Valerie was both saddened and made glad by this change. She regretted the passing of paradise, as is only natural, but knew that her husband was doing what he should in looking for his son, and that, if found, the boy would be a welcome addition to the wonder of their home. He would forget his obsession with the hills, she thought, when he entered the beautiful world that they had created. 

Stuart left the following day, carrying a pack of provisions and a blade. Valerie had questioned the weapon, but not too much as the heroes of their favourite stories often took with them something for protection, and besides, her second husband had insisted. He didn’t know what was up there waiting for him. The knife he took was a switchblade, a souvenir he had smuggled back from a family holiday in Spain; a calf was carved into the wooden handle and the metal had a maker’s mark in the shape of the sun.

Valerie watched Stuart’s outline climbing the Turnover from the back garden until his own red coat disappeared amongst the thickest woodlands. She went back in the house and tried to read The Mysterious Island, but she gave up after she only managed four pages in an hour, and sat for the rest of the day staring into space and trying to picture what could be happening to her man.

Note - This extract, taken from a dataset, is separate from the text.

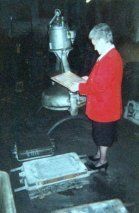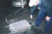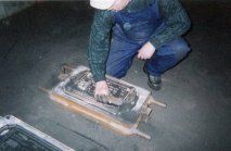 A resin master or 'pattern' of the plaque is first made and this is used to create the mould for the casting. Above you see the master after it has been removed from the newly formed mould, seen on the right. A weighted lid is then placed on the mould in readiness for the molten bronze being poured in.

The truth of it was that, for Stuart, the day was a tough if mundane one. As he trudged across the open hilltops and through the patches of woodland; followed the footpaths across the property of various landowners and skirted the edges of bubbling ponds, the only thing that struck him as unusual was that the whole lot seemed quieter than usual. There were no tourists or hikers- not that there ever were many when there wasn’t a tragedy to entice them- but also no animal life. It was as if the hills had been un-wilded. He didn’t even catch a glimpse of Simona and Richie’s tent, the one that she had taken from the old family home, as he made it over the Nook.

He was not disheartened to not find Little Frankie on his first day of searching. He had rather been expecting this to be the case. Tomorrow, he would cross back the way he came and fully scour the area around the Devil’s Stone. Then, if needed, he would push on beyond the hills as they pertained to Chasteborough; push on out of the county entirely if so needed. He bedded down on The Gleaming, the eminence so named due to the sun, when setting or rising at certain times of the year, bathing the hollows in pools and rays of the most glorious orange-gold light. Tonight, however, all was entirely black.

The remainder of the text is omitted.